What the exercise asks:
Reproduce every record exactly as it appears, but not the pictures.

-- Record extracts follows --

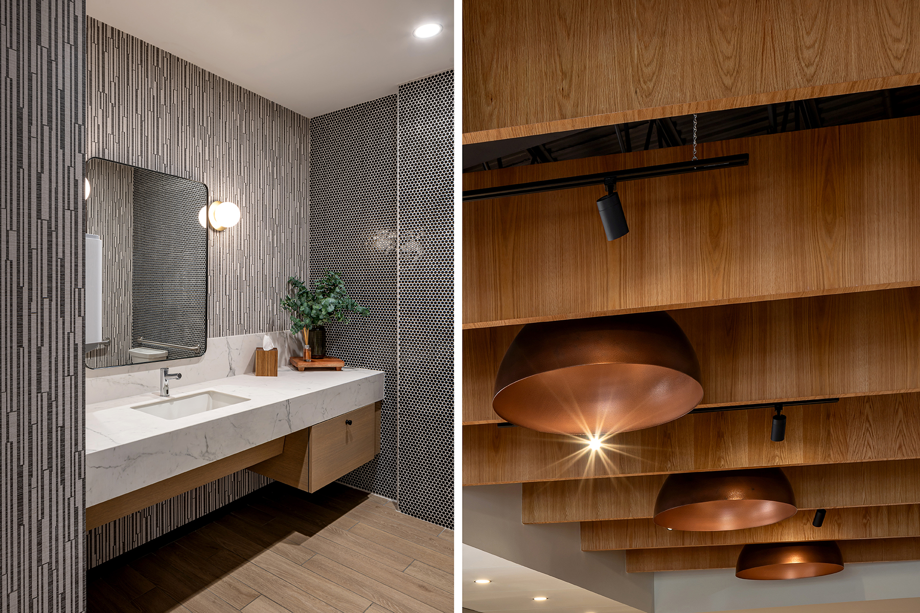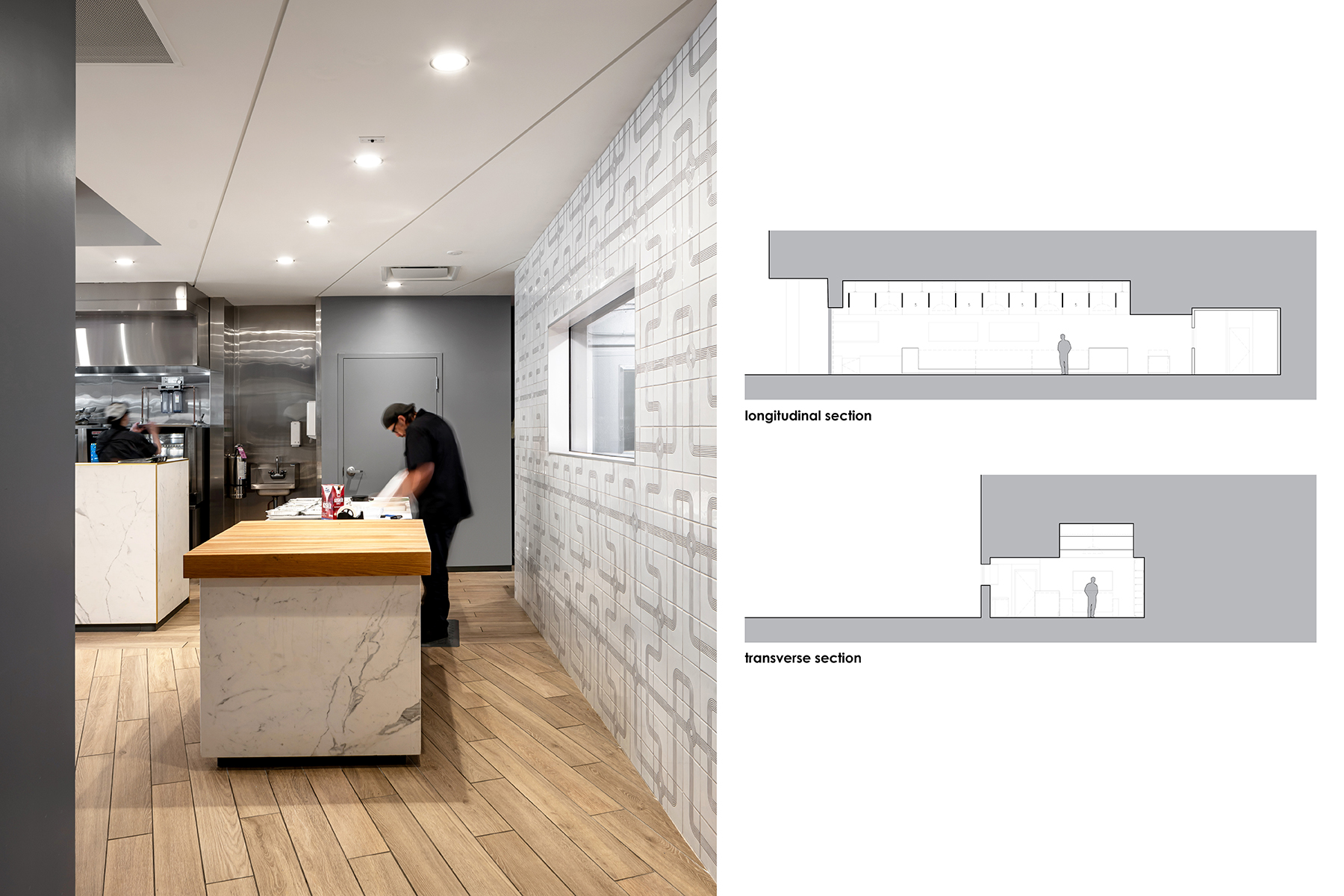 Materials were selected relative to their ability to add richness and warmth, and contribute to a ”quietness” of space. White oak wood baffles at the ceiling coupled with oversized copper drums create a elegant rhythm and set the tone for the space. Large-format porcelain panels with marble veining clad the walls and portions of the counter, offering a natural contrast to the stainless steel equipment. Wood-toned porcelain floor tile coupled with white oak millwork serve to further balance the palette and reinforce the overall atmosphere.
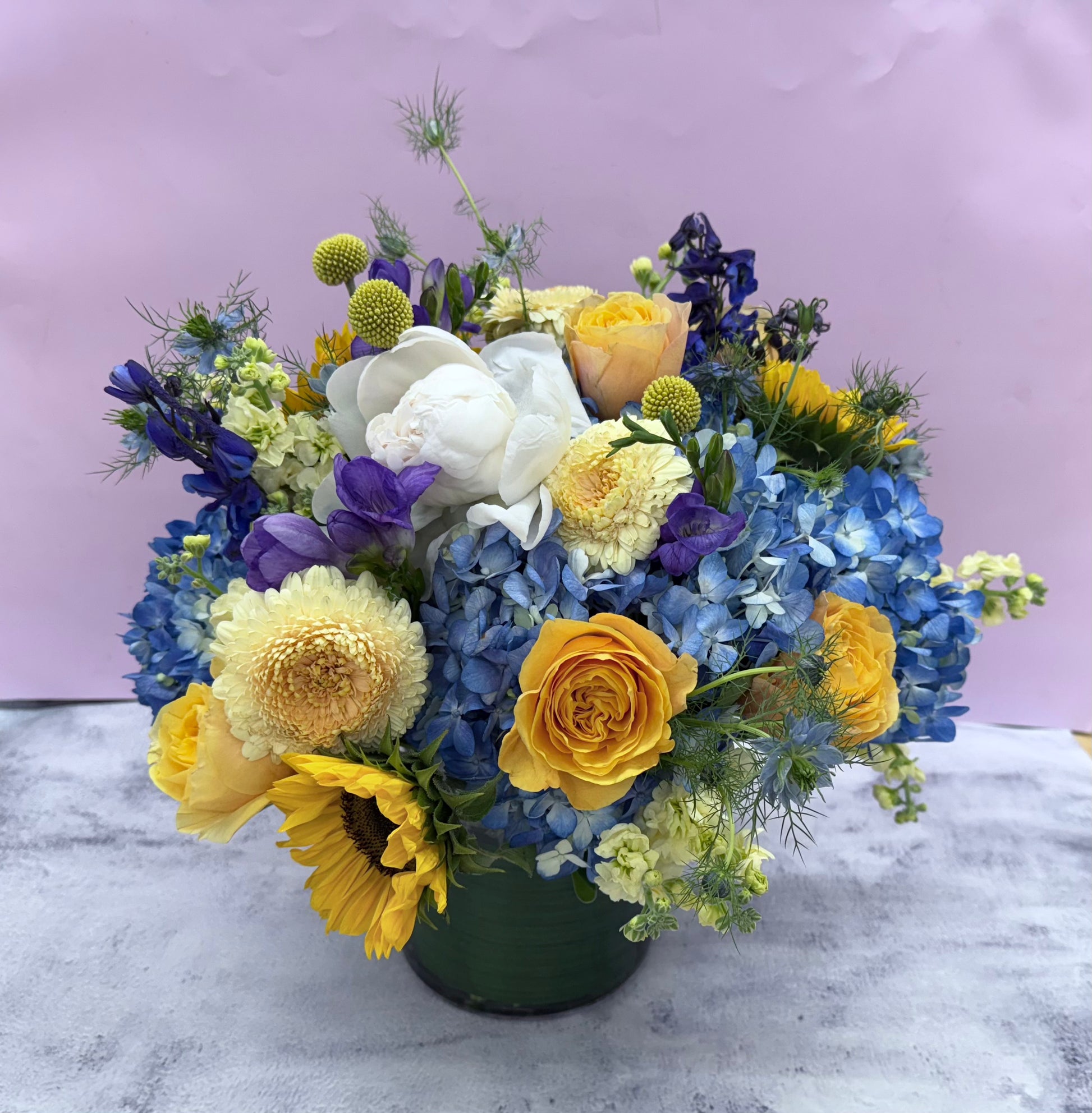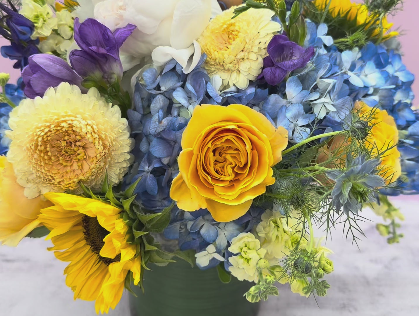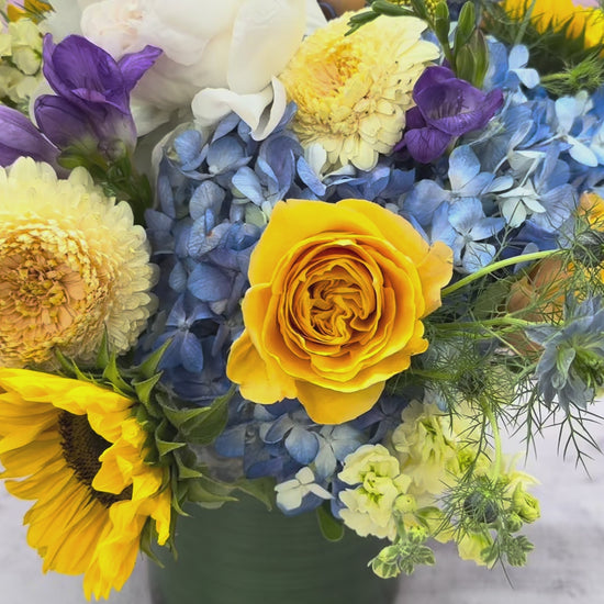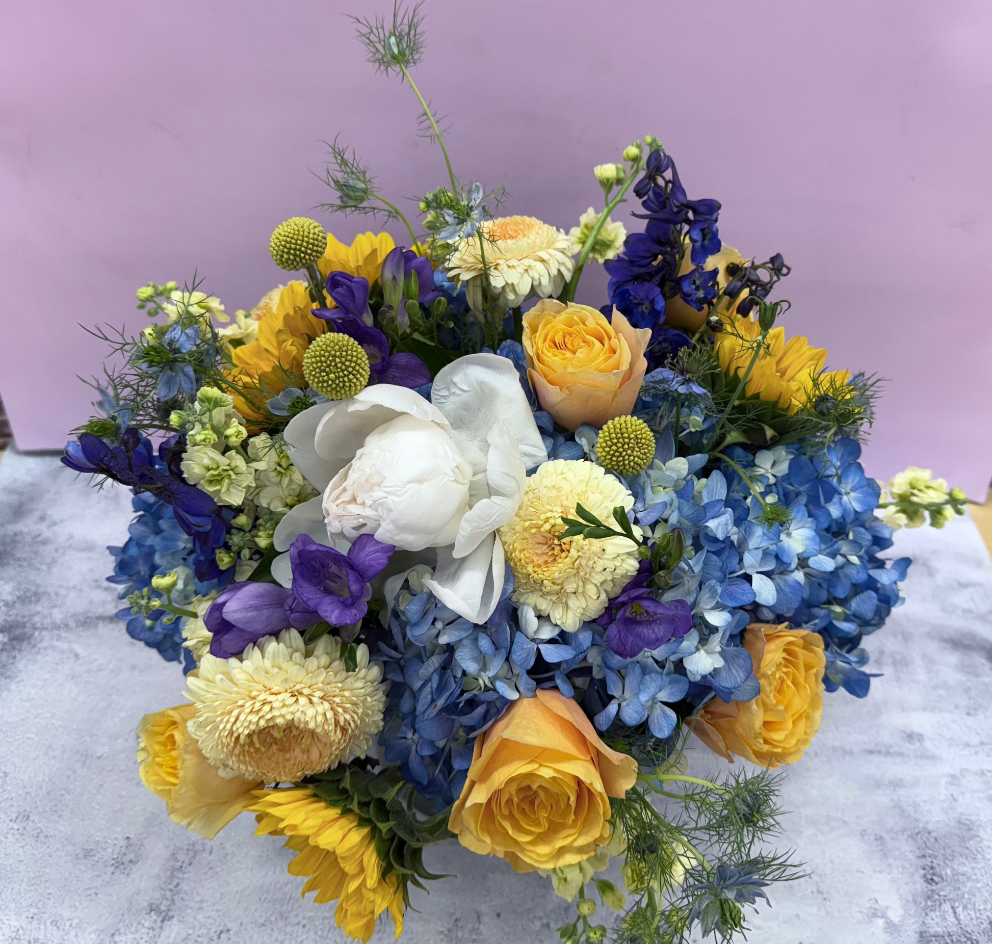 This arrangement, harmonized by the striking contrast of vibrant blue and yellow, suits someone as special as you and announces the arrival of spring.
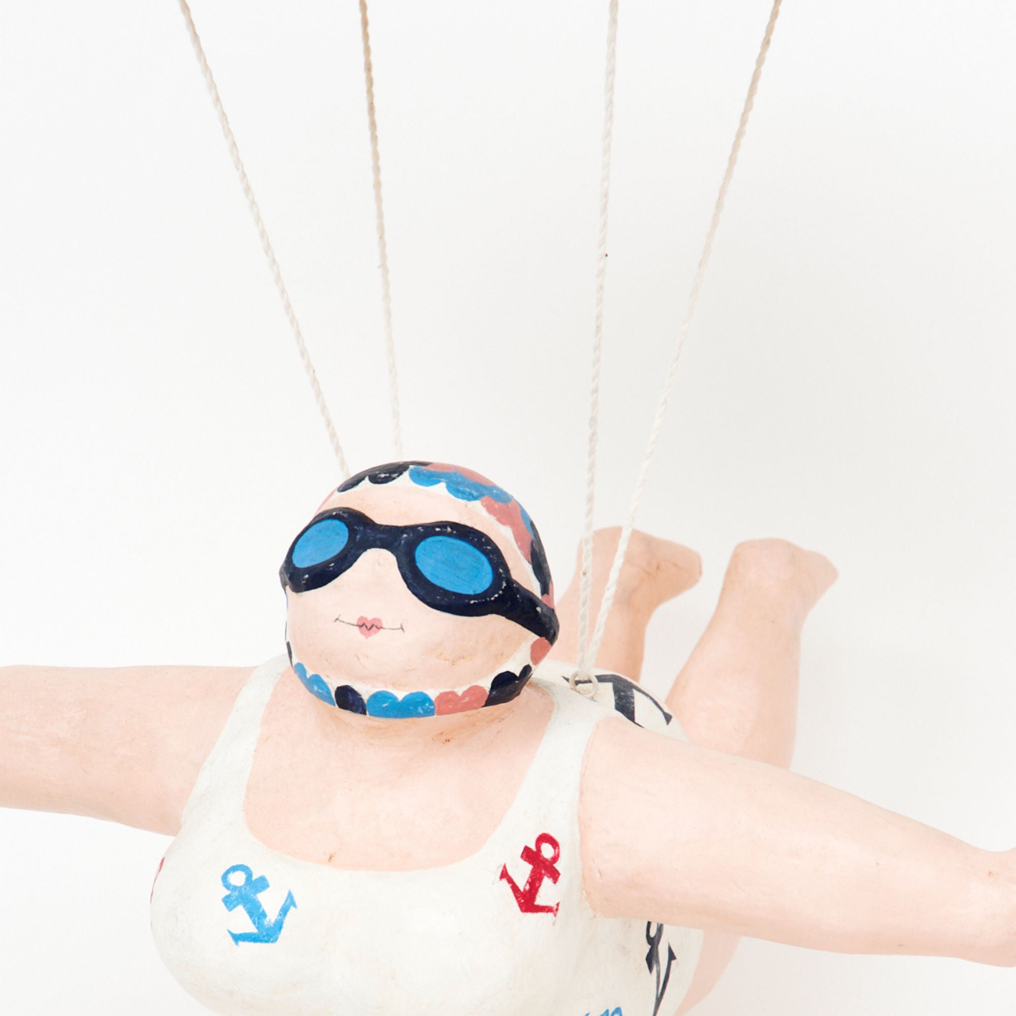 A delightful Papier-mâché 'swimmer' figurine, designed to hang down and suspended from a blue/white parachute.
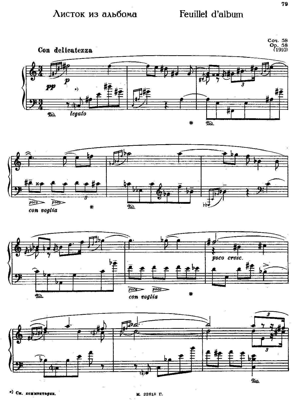 Publisher. Info. Moscow/Petrograd: Editions Russes de Musique, 1916. Plate Р.М.И. 98.
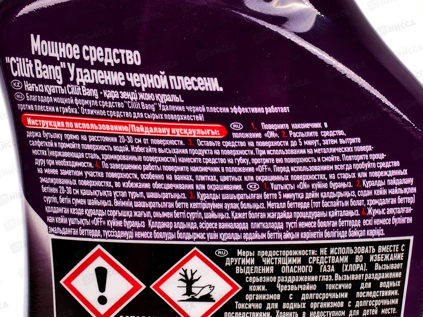 Благодаря мощной формуле "Cillit Bang" эффективно устраняет плесень и грибок. Теперь не нужно прикладывать усилия для того, чтобы оттереть въевшееся пятно. Средство идеально подходит для сырых поверхностей, подвергающихся образованию плесени и грибка. На некоторых поверхностях (гранит, мрамор, медь, латунь, глянцевые поверхности, линолеум, текстиль, ковры, резина, обработанный деревянный пол) не рекомендуется использовать Cillit Bang "Удаление черной плесени".

-- Record extracts concluded --

Solution for this problem:
 Materials were selected relative to their ability to add richness and warmth, and contribute to a ”quietness” of space. White oak wood baffles at the ceiling coupled with oversized copper drums create a elegant rhythm and set the tone for the space. Large-format porcelain panels with marble veining clad the walls and portions of the counter, offering a natural contrast to the stainless steel equipment. Wood-toned porcelain floor tile coupled with white oak millwork serve to further balance the palette and reinforce the overall atmosphere.
 This arrangement, harmonized by the striking contrast of vibrant blue and yellow, suits someone as special as you and announces the arrival of spring.
 A delightful Papier-mâché 'swimmer' figurine, designed to hang down and suspended from a blue/white parachute.
 Publisher. Info. Moscow/Petrograd: Editions Russes de Musique, 1916. Plate Р.М.И. 98.
 Благодаря мощной формуле "Cillit Bang" эффективно устраняет плесень и грибок. Теперь не нужно прикладывать усилия для того, чтобы оттереть въевшееся пятно. Средство идеально подходит для сырых поверхностей, подвергающихся образованию плесени и грибка. На некоторых поверхностях (гранит, мрамор, медь, латунь, глянцевые поверхности, линолеум, текстиль, ковры, резина, обработанный деревянный пол) не рекомендуется использовать Cillit Bang "Удаление черной плесени".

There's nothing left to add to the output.